- [Task statement]: What is needed is an exact reproduction of the lines in the records below, starting at the line with "HOT ! Mermaid" and ending at the line with "Náramok z prírodného", both included, and nothing else; pictures stay out.

- [Exercise input]:
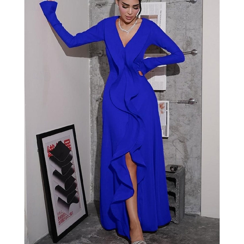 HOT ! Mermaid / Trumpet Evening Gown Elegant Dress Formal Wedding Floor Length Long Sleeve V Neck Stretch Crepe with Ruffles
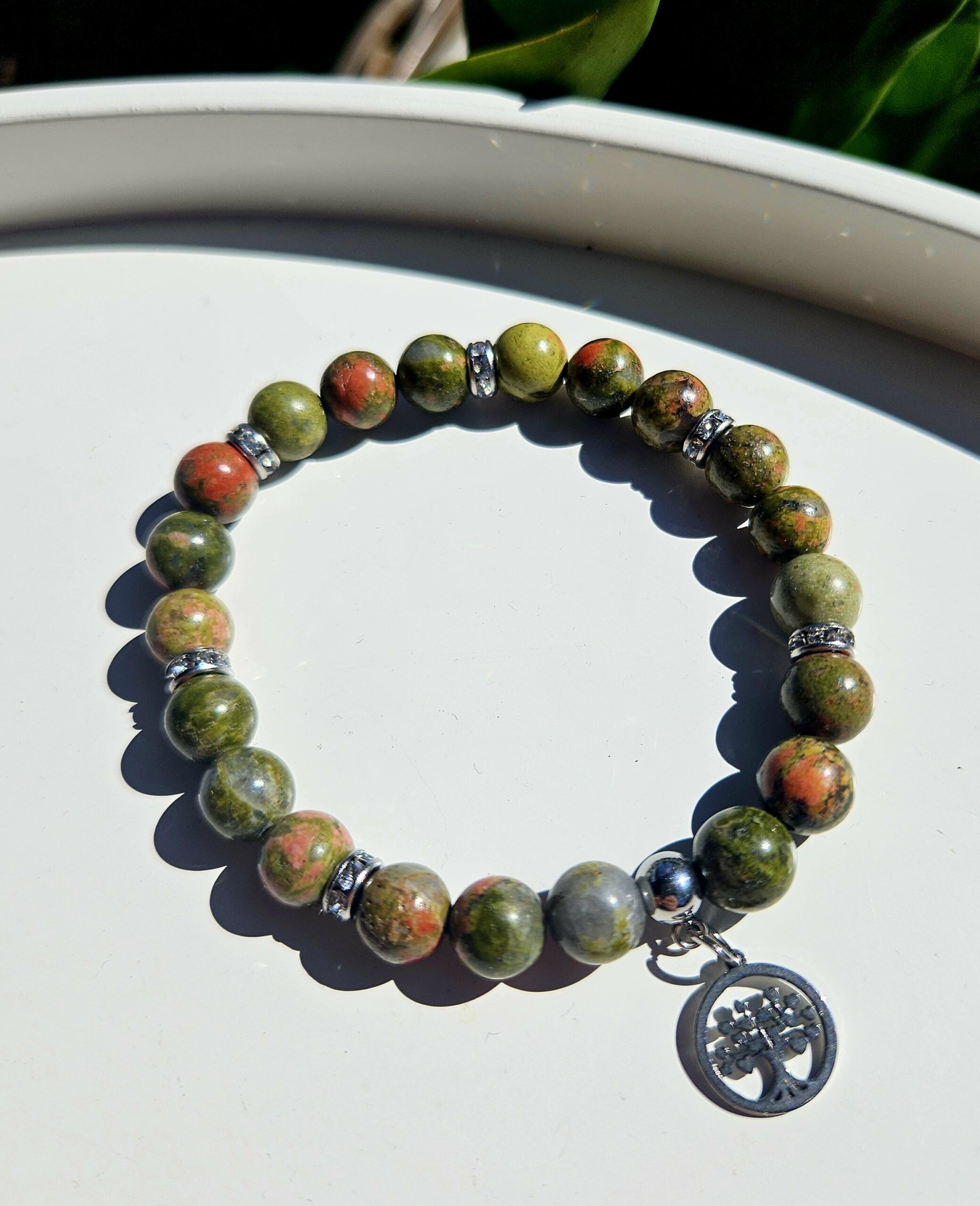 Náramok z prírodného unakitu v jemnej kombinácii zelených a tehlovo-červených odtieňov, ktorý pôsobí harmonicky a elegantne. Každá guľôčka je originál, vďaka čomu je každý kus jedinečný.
--
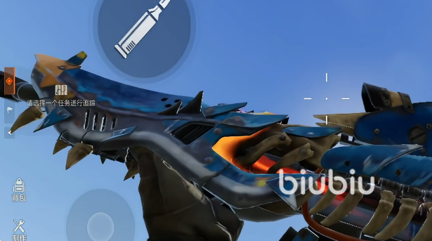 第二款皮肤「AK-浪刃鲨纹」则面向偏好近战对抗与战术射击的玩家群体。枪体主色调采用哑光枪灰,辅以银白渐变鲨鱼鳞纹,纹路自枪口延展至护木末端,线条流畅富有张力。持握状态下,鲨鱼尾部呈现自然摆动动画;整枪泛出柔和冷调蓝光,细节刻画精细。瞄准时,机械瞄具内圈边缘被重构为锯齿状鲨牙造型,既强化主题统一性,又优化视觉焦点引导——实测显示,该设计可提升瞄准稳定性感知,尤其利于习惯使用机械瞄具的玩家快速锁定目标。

- [Output for this task]:
 HOT ! Mermaid / Trumpet Evening Gown Elegant Dress Formal Wedding Floor Length Long Sleeve V Neck Stretch Crepe with Ruffles
 Náramok z prírodného unakitu v jemnej kombinácii zelených a tehlovo-červených odtieňov, ktorý pôsobí harmonicky a elegantne. Každá guľôčka je originál, vďaka čomu je každý kus jedinečný.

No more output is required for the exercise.